Retype, word for word, every line of the records below starting at the one that contains "Buchweizen Crustate, Saiblingstatar, Kamebishi" and ending at the one that contains "你看透市场以后,反弹不过就是"; include both of those lines and nothing more.

━━━━━ Given records ━━━━━

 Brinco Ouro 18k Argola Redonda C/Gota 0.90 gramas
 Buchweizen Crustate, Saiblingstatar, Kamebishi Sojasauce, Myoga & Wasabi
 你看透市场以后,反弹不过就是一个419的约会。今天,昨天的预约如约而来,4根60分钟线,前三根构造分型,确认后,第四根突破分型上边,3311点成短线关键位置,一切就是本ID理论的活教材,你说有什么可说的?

━━━━━
━━━━━ Given records ━━━━━

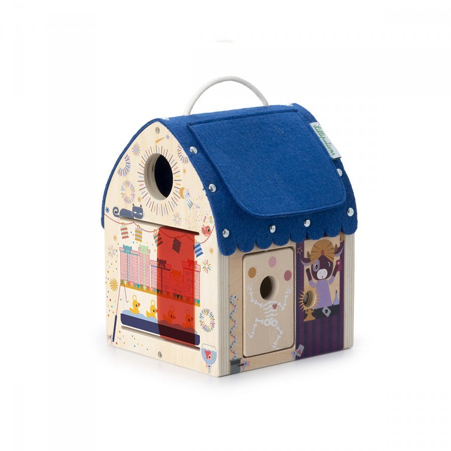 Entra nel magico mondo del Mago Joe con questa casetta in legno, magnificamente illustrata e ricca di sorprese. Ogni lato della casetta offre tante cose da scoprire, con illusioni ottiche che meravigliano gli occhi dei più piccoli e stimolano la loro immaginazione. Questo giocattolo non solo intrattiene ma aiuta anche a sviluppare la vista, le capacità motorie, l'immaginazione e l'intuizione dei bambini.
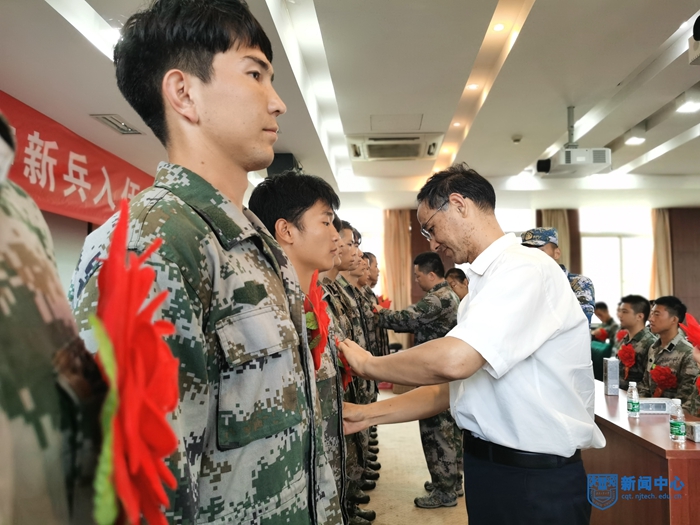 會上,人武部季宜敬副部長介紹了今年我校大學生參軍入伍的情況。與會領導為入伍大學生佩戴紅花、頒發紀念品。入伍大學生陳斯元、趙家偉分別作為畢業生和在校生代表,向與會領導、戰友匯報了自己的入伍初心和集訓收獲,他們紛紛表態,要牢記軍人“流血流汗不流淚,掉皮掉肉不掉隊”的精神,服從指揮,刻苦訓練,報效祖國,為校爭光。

━━━━━

(Written answer)
 Buchweizen Crustate, Saiblingstatar, Kamebishi Sojasauce, Myoga & Wasabi
 你看透市场以后,反弹不过就是一个419的约会。今天,昨天的预约如约而来,4根60分钟线,前三根构造分型,确认后,第四根突破分型上边,3311点成短线关键位置,一切就是本ID理论的活教材,你说有什么可说的?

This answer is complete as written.